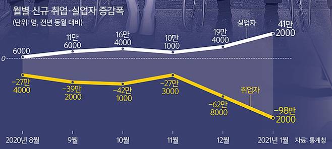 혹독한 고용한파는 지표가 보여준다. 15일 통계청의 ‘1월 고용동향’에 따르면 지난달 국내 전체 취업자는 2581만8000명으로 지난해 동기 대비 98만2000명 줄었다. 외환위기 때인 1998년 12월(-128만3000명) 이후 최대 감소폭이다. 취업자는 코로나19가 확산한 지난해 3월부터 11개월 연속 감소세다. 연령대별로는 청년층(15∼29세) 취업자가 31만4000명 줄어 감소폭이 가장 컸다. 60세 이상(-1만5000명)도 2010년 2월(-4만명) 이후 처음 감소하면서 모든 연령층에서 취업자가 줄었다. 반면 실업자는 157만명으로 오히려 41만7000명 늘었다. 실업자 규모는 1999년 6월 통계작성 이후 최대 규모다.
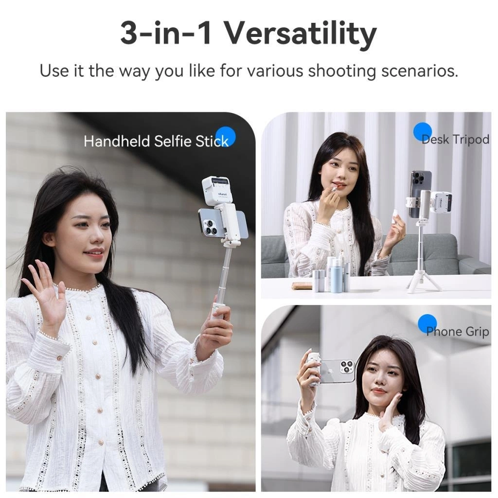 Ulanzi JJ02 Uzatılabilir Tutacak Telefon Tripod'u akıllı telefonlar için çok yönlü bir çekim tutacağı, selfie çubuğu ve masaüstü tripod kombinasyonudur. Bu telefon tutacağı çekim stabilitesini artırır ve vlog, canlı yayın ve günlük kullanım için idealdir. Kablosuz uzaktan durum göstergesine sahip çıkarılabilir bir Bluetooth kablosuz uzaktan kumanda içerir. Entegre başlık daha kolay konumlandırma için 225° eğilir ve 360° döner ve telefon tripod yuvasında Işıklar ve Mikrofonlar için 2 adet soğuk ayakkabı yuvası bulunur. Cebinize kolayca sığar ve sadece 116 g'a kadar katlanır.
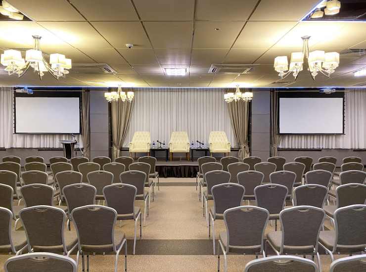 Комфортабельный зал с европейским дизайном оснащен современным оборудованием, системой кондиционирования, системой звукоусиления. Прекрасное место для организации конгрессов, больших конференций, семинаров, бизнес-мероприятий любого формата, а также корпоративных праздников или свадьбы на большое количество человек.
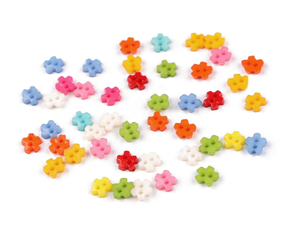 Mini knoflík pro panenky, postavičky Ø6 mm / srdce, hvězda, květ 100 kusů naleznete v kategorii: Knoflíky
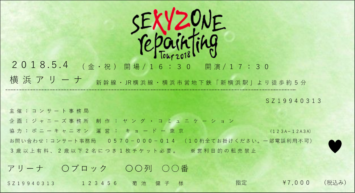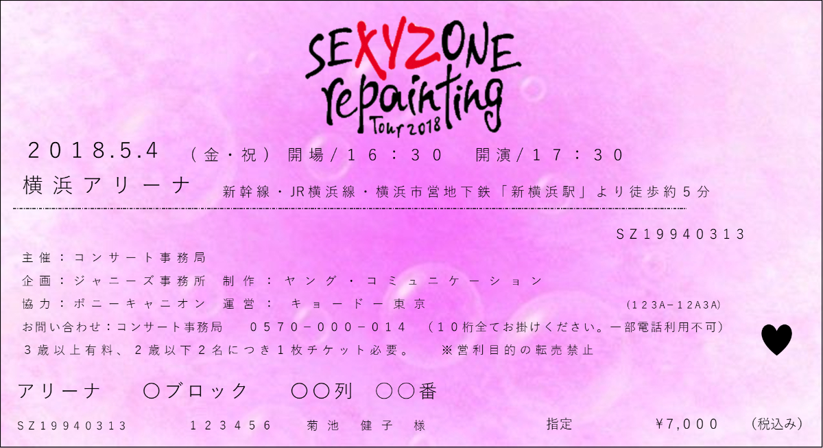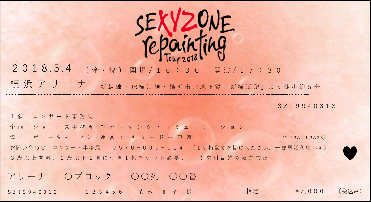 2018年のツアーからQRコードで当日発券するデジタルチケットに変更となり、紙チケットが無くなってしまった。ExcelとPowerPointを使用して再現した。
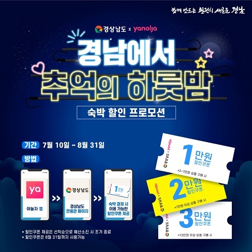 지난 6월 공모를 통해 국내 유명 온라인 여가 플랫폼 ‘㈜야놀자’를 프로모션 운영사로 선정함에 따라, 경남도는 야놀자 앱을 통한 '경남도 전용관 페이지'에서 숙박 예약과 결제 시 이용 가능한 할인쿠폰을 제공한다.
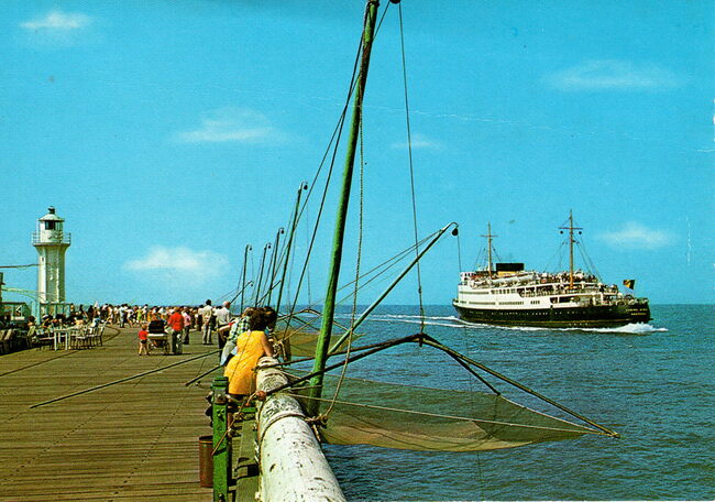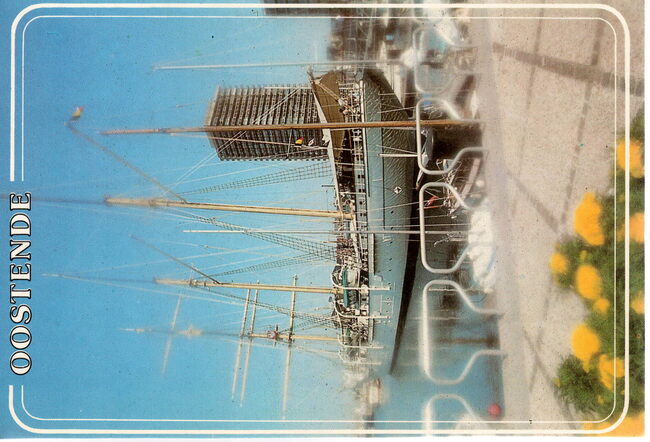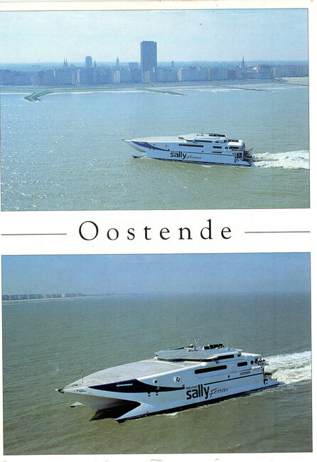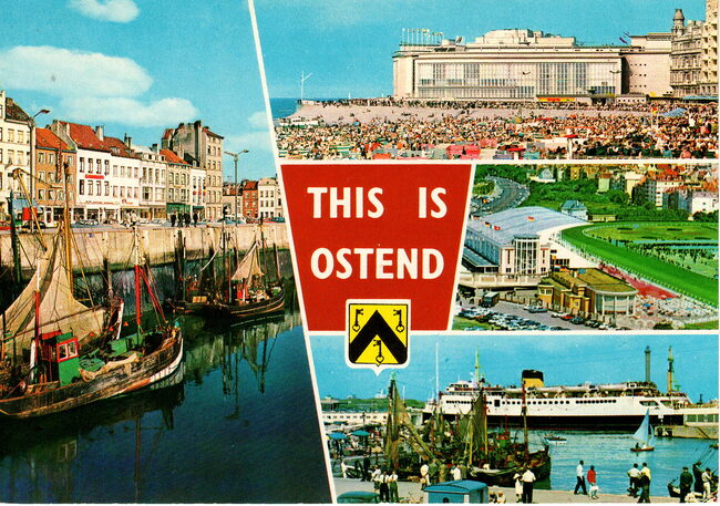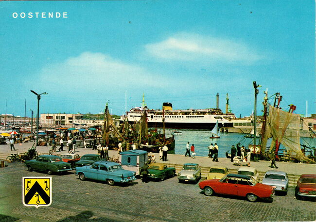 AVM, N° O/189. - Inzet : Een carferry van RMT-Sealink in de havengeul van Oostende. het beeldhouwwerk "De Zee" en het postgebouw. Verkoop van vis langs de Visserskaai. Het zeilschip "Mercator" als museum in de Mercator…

* Problem to solve *
Leave the pictures out and copy exactly the lines from the one that holds "Комфортабельный зал с" through the last line of the material.

* Solution to the problem *
 Комфортабельный зал с европейским дизайном оснащен современным оборудованием, системой кондиционирования, системой звукоусиления. Прекрасное место для организации конгрессов, больших конференций, семинаров, бизнес-мероприятий любого формата, а также корпоративных праздников или свадьбы на большое количество человек.
 Mini knoflík pro panenky, postavičky Ø6 mm / srdce, hvězda, květ 100 kusů naleznete v kategorii: Knoflíky
 2018年のツアーからQRコードで当日発券するデジタルチケットに変更となり、紙チケットが無くなってしまった。ExcelとPowerPointを使用して再現した。
 지난 6월 공모를 통해 국내 유명 온라인 여가 플랫폼 ‘㈜야놀자’를 프로모션 운영사로 선정함에 따라, 경남도는 야놀자 앱을 통한 '경남도 전용관 페이지'에서 숙박 예약과 결제 시 이용 가능한 할인쿠폰을 제공한다.
 AVM, N° O/189. - Inzet : Een carferry van RMT-Sealink in de havengeul van Oostende. het beeldhouwwerk "De Zee" en het postgebouw. Verkoop van vis langs de Visserskaai. Het zeilschip "Mercator" als museum in de Mercator…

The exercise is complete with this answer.